● **Task**
Range to output from the entries below: the line containing "Le personnage monstrueux" through the line containing "Stay stylish and". Set it down exactly, ends included, nothing else.

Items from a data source

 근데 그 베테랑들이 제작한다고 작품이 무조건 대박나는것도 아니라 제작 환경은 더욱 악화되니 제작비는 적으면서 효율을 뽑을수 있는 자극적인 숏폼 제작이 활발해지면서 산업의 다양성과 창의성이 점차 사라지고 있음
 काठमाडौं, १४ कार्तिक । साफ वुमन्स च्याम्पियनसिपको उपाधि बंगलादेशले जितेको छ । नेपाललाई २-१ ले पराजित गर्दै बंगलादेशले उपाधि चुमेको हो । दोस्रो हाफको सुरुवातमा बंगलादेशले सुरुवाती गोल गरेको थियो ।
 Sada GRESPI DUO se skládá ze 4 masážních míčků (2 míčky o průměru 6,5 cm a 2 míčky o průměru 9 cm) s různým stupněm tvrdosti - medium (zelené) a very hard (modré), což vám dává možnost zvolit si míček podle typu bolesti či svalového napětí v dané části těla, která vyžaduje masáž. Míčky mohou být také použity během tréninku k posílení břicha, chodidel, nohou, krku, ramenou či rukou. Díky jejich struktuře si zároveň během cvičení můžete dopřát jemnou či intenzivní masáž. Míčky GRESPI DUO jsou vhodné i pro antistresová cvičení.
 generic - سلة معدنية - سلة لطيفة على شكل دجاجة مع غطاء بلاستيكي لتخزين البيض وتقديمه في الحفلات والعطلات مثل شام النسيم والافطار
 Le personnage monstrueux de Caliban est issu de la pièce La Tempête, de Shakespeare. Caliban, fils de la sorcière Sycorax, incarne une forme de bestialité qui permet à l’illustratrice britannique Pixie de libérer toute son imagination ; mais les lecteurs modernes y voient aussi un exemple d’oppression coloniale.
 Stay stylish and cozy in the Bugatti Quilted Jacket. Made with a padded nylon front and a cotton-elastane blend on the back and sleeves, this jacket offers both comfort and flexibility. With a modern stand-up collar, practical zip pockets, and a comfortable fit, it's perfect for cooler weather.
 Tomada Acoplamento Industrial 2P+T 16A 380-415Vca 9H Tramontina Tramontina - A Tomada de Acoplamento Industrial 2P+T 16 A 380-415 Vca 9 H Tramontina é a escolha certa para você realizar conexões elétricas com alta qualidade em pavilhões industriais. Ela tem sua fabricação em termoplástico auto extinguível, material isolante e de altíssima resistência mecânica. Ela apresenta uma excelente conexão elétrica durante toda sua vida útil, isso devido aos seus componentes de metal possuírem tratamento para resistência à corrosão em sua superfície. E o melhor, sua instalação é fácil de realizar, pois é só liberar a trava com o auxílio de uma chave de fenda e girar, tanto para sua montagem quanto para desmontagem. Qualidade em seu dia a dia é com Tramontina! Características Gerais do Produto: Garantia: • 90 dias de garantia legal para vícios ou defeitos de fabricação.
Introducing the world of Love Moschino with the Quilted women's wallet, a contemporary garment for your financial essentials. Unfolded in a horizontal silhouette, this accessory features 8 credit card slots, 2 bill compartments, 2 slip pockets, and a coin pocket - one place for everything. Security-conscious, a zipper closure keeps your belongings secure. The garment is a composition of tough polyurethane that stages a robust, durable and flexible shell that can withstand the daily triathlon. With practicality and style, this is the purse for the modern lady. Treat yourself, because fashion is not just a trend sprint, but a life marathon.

● **Answer**
 Le personnage monstrueux de Caliban est issu de la pièce La Tempête, de Shakespeare. Caliban, fils de la sorcière Sycorax, incarne une forme de bestialité qui permet à l’illustratrice britannique Pixie de libérer toute son imagination ; mais les lecteurs modernes y voient aussi un exemple d’oppression coloniale.
 Stay stylish and cozy in the Bugatti Quilted Jacket. Made with a padded nylon front and a cotton-elastane blend on the back and sleeves, this jacket offers both comfort and flexibility. With a modern stand-up collar, practical zip pockets, and a comfortable fit, it's perfect for cooler weather.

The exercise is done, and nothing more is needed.